Signals: An Inspiring Story of Life after Life

by Joel Rothschild
review

Ron Suresha: This review was originally published in White Crane Journal (Issue #51). It is reprinted with permsission from www.whitecranejournal.com online.

In 1986, fitness instructor Joel Rothschild was diagnosed with AIDS. Eight years later, following the death of his closest friend, Albert, Joel experienced a “psychic awakening.”

Signals chronicles Joel's return to health along with a corresponding heightened sense of spirituality, probably “spiritualism” is more accurate here, which manifested in paranormal abilities (primarily foreshadowing and channeling), along with a heart-stirring panoply of synchronicities.

Amid the catastrophe of early ‘90s AIDS-ridden L.A., Joel and Albert struggled in the face of their failing health to grow a thin measure of faith. They made a pact to inform the other person beforehand if one of them chose suicide.

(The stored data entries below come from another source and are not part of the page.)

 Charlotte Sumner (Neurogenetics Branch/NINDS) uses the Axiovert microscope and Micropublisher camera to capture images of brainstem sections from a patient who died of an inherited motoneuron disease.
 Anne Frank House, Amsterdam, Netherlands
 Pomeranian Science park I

They also pledged to return whoever died first to this earthly realm somehow to give the other a signal of their afterlife presence. Unexpectedly and without prior notice to Joel, Albert took his own life by drug overdose. This apparent betrayal was followed promptly by a reversal: Albert reappeared first as voice, then as glowing visage, to affirm and guide Joel's continuing existence.

While simultaneously trying to make sense of Albert's death and regain his own health, Joel experienced various phenomena, which he interpreted as signals from his buddy beyond. Many of these events, such as incongruous appearances of a hummingbird, or a voice commanding the author to stop suddenly at a green light and thus avoid a five-vehicle pile-up seconds later, seem magical, some would say miraculous.

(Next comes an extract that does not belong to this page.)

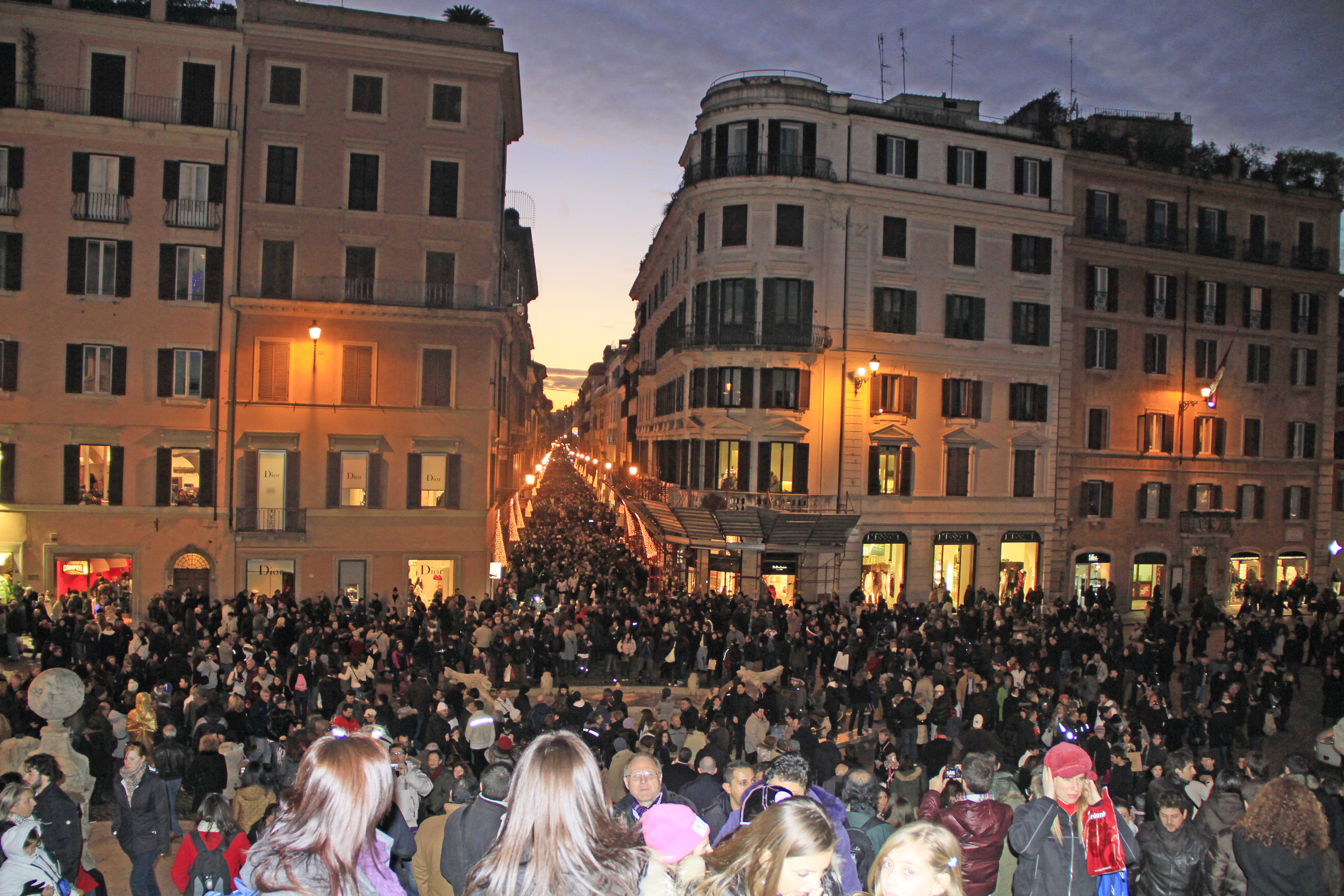 Scalinata della Trinità dei Monti

As Joel's physical health improved and psychic abilities increased with the combo-therapy of protease inhibitors and reborn faith, he “received” many messages for people in his life regarding their lost loved ones. The best of these channelled messages emphasize a unitive identity: “We are all one.”

Some of the “relayed message” incidents resonate with the connections beyond the grave made on the amazing SciFi Channel TV program, “Crossing Over, with John Edwards,” although Joel's messages appear to be somewhat less developed. While recounting these encounters as a messenger, the author reveals his own deepening understanding of the afterlife and the spirit. He exposes as well some not-so-spiritual traits, such as in empty digressions about his looks, his house, and his celebrity connections that betray mock-humble posturing and vanity. In his amazon.com appeal to prospective readers, the author implicates the dozen shining back-cover endorsements gleaned from the New-Age blurb circuit as validation of his own spiritual experiences. Such egotistic displays of status and name-dropping seem inappropriate for a book of this genre.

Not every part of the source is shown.